◆ **How to complete this task**
Leaving the pictures aside, transcribe every line below exactly.
*** Recorded information ***
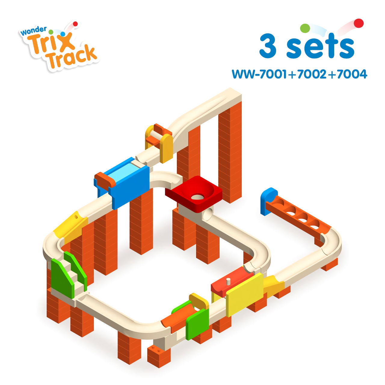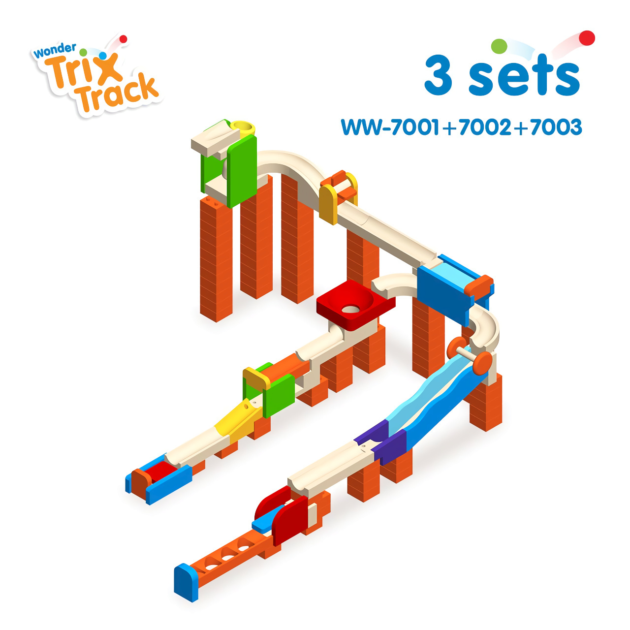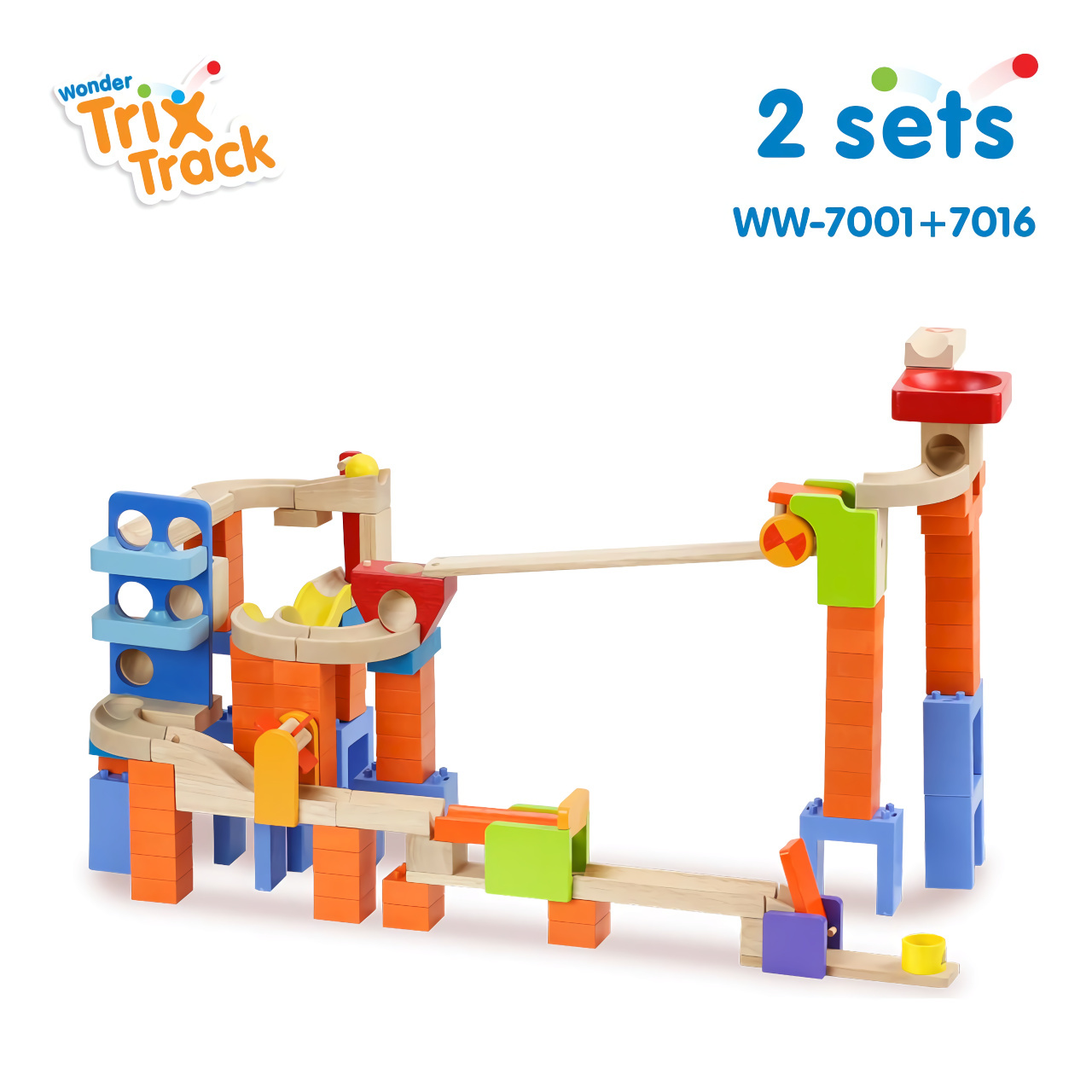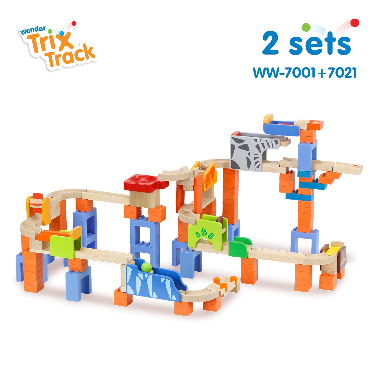 S kuličkovými dráhami ze série TRIX® od firmy Wonderworld si užijete spoustu skvělé zábavy. Díky své variabialitě, nápaditosti a propracovanému konceptu celé série TRIX® se jedná o velmi hodnotnou hračku, kterou ocení jak děti, tak dospělí hráči. Všechny kuličkové dráhy ze série TRIX® lze vzájemně kombinovat, a stále tak zvedat laťku kombinací a zábavy. Svou ohromnou variabilitou rozvíjí dětskou představivost, možnosti sestavení jsou téměř nekonečné. Sestavená dráha je vždy stabilní díky promyšlenému a jednoduchému systému spojování dílů. Základní stavební díly jsou vyrobeny z dřevoplastu, vlastní dráha pak převážně z masivního dřeva. Součásti nabízí kvalitní hladkou povrchovou úpravu a kombinaci atraktivních sytých barev s barvou přírodního dřeva. Stavebnice je spolu s obrázkovým návodem k sestavení dodávána v pestře potištěné kartonové krabici vybavené praktickým plastovým uchem k přenášení. Dráhy lze doplnit také drobným příslušenstvím, základními kostkami a ozdobnými kuličkami, které naleznete v naší nabídce.
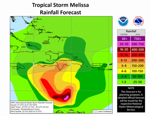 Tormenta tropical Melissa amenaza con fuertes lluvias de 5 a 10 pulgadas
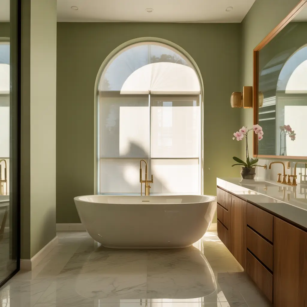 What really makes this combo work is the balance. Sage green keeps things grounded and natural, while gold adds that touch of glamour. You’re essentially creating a space that feels both expensive and approachable. And here’s a pro tip: add some white marble countertops to this mix, and you’ve got yourself a bathroom that looks straight out of a luxury hotel.
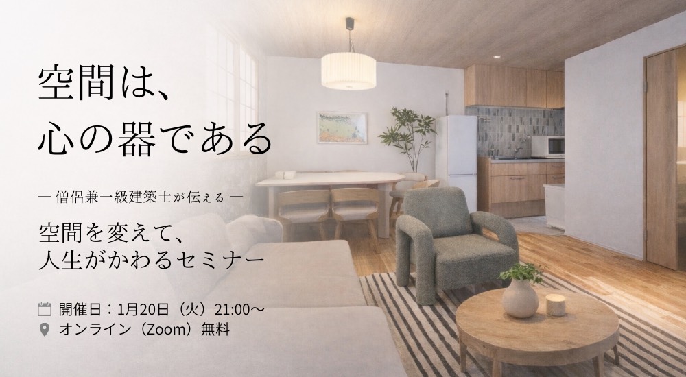 気持ちの問題、性格の問題だと思っていたことが、実は“毎日過ごしている空間”から来ていたという視点を、僧侶×建築士の言葉でやさしく理解できます。
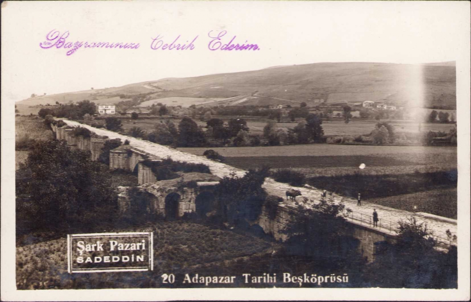 Adapazar Tarihi Beşköprüsü, Foto Şark Pazarı Sadeddin, bayram tebrikli, Osmanlıca ithaflı.
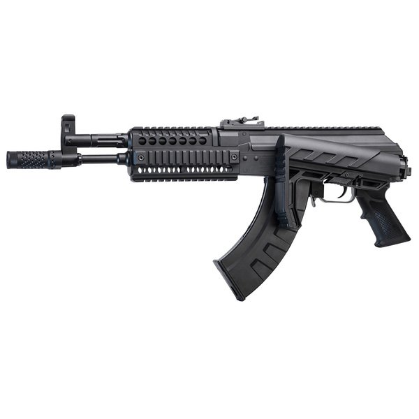 Tactical, Full/Semi-Auto BB AK1 Rifle 177 BB Caliber Caliber: BB Blowback Action 28 round, drop out magazine with CO2 housing Velocity up to 430 fps - Over 1400 Rounds Per Minute Smooth Steel Barrel Realistic Weight and Functions Adjustable and Foldable Buttstock With Quad Mounting Rail System Platform Compatible Stock Tube and Pistol Grip Removable/Adjustable Rear Sight Requires (2) 12gr. CO2 Cartridges (NOT Included)
*** End of Recorded information ***
◆ **Solved problem**
 S kuličkovými dráhami ze série TRIX® od firmy Wonderworld si užijete spoustu skvělé zábavy. Díky své variabialitě, nápaditosti a propracovanému konceptu celé série TRIX® se jedná o velmi hodnotnou hračku, kterou ocení jak děti, tak dospělí hráči. Všechny kuličkové dráhy ze série TRIX® lze vzájemně kombinovat, a stále tak zvedat laťku kombinací a zábavy. Svou ohromnou variabilitou rozvíjí dětskou představivost, možnosti sestavení jsou téměř nekonečné. Sestavená dráha je vždy stabilní díky promyšlenému a jednoduchému systému spojování dílů. Základní stavební díly jsou vyrobeny z dřevoplastu, vlastní dráha pak převážně z masivního dřeva. Součásti nabízí kvalitní hladkou povrchovou úpravu a kombinaci atraktivních sytých barev s barvou přírodního dřeva. Stavebnice je spolu s obrázkovým návodem k sestavení dodávána v pestře potištěné kartonové krabici vybavené praktickým plastovým uchem k přenášení. Dráhy lze doplnit také drobným příslušenstvím, základními kostkami a ozdobnými kuličkami, které naleznete v naší nabídce.
 Tormenta tropical Melissa amenaza con fuertes lluvias de 5 a 10 pulgadas
 What really makes this combo work is the balance. Sage green keeps things grounded and natural, while gold adds that touch of glamour. You’re essentially creating a space that feels both expensive and approachable. And here’s a pro tip: add some white marble countertops to this mix, and you’ve got yourself a bathroom that looks straight out of a luxury hotel.
 気持ちの問題、性格の問題だと思っていたことが、実は“毎日過ごしている空間”から来ていたという視点を、僧侶×建築士の言葉でやさしく理解できます。
 Adapazar Tarihi Beşköprüsü, Foto Şark Pazarı Sadeddin, bayram tebrikli, Osmanlıca ithaflı.
 Tactical, Full/Semi-Auto BB AK1 Rifle 177 BB Caliber Caliber: BB Blowback Action 28 round, drop out magazine with CO2 housing Velocity up to 430 fps - Over 1400 Rounds Per Minute Smooth Steel Barrel Realistic Weight and Functions Adjustable and Foldable Buttstock With Quad Mounting Rail System Platform Compatible Stock Tube and Pistol Grip Removable/Adjustable Rear Sight Requires (2) 12gr. CO2 Cartridges (NOT Included)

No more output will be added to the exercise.